(L to R), Dr. Ivan Martinez-Valbuena, the first author of the study and a postdoctoral researcher in the laboratory of Dr. Gabor Kovacs, who led the study. (Photos: UHN StRIDe Team)
A study led by Dr. Gabor Kovacs at UHN’s Krembil Brain Institute revealed new insights into the mechanism underlying Lewy body disorders. These disorders encompass Parkinson’s disease and dementia with Lewy bodies – two of the most prevalent neurodegenerative diseases.
“Lewy body disorders can lead to a wide range of symptoms, including movement problems, cognitive decline and psychiatric conditions,” says Dr. Ivan Martinez-Valbuena, the first author of the study and a postdoctoral researcher in Dr. Kovacs’ laboratory.
“However, the reason for this symptom variability is unclear. New findings from our lab suggest that the alpha-synuclein protein holds the key to understanding these disorders.”
Alpha-synuclein (αSyn) is a protein that is present in the healthy brain, where it plays a role in the release of neurotransmitters. In Lewy body disorders, αSyn becomes misfolded and clumps together to form aggregates that interfere with normal brain function and lead to the death of nerve cells.
“Previous work has shown that the amounts of misfolded αSyn deposited in the brain cannot fully explain clinical features,” adds Dr.
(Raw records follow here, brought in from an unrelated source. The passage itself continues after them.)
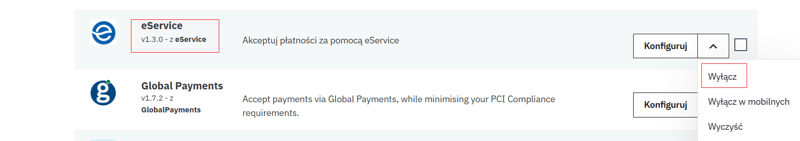 Kolejno należy odszukać kategorię Payments - znajdują się tam m.in. wtyczki: eService oraz Global Payments. Nowa nazwa wtyczki to Global Payments, poprzednią wersję, tj. eService należy wyłączyć.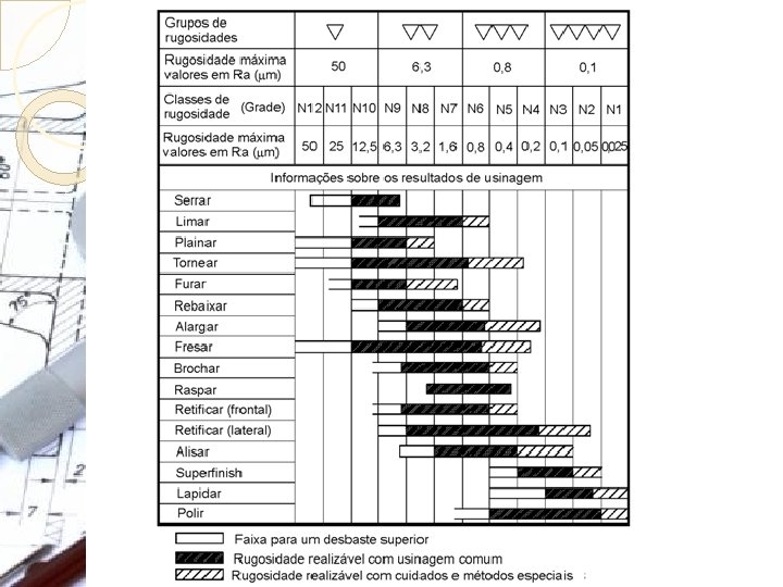 Simbologia, Equivalência e Processos de Usinagem Tabela Classifica os acabamentos superficiais Organiza de acordo com o grau de rugosidade e o processo de usinagem que pode ser usado para sua obtenção Classifica a rugosidade através de simbologia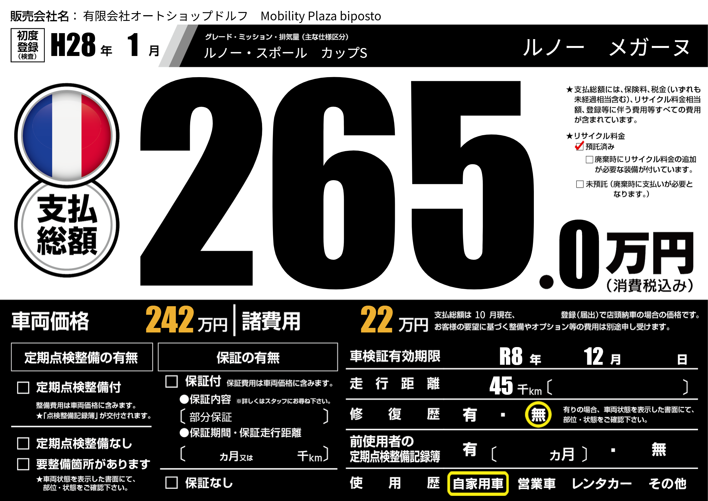 | 車名 | ルノー メガーヌ | グレード ミッション 排気量 |

Martinez-Valbuena. “Here, we explored whether different forms of the protein may contribute to the symptoms that we see in the clinic.”
The researchers used detailed neuropathological and biochemical examinations and protein profiling to explore the characteristics of αSyn in different patients with Lewy body disorders and in different brain regions.
“αSyn can misfold in different ways, and the protein’s shape determines its seeding ability – how easily it can convert nearby ‘healthy’ proteins to misfold and spread throughout the brain,” says Dr. Kovacs, the senior author of the study and a Senior Scientist at the Krembil Brain Institute. “In a general sense, we explored whether we can link clinical features of Lewy body disorders to the type of misfolded αSyn.”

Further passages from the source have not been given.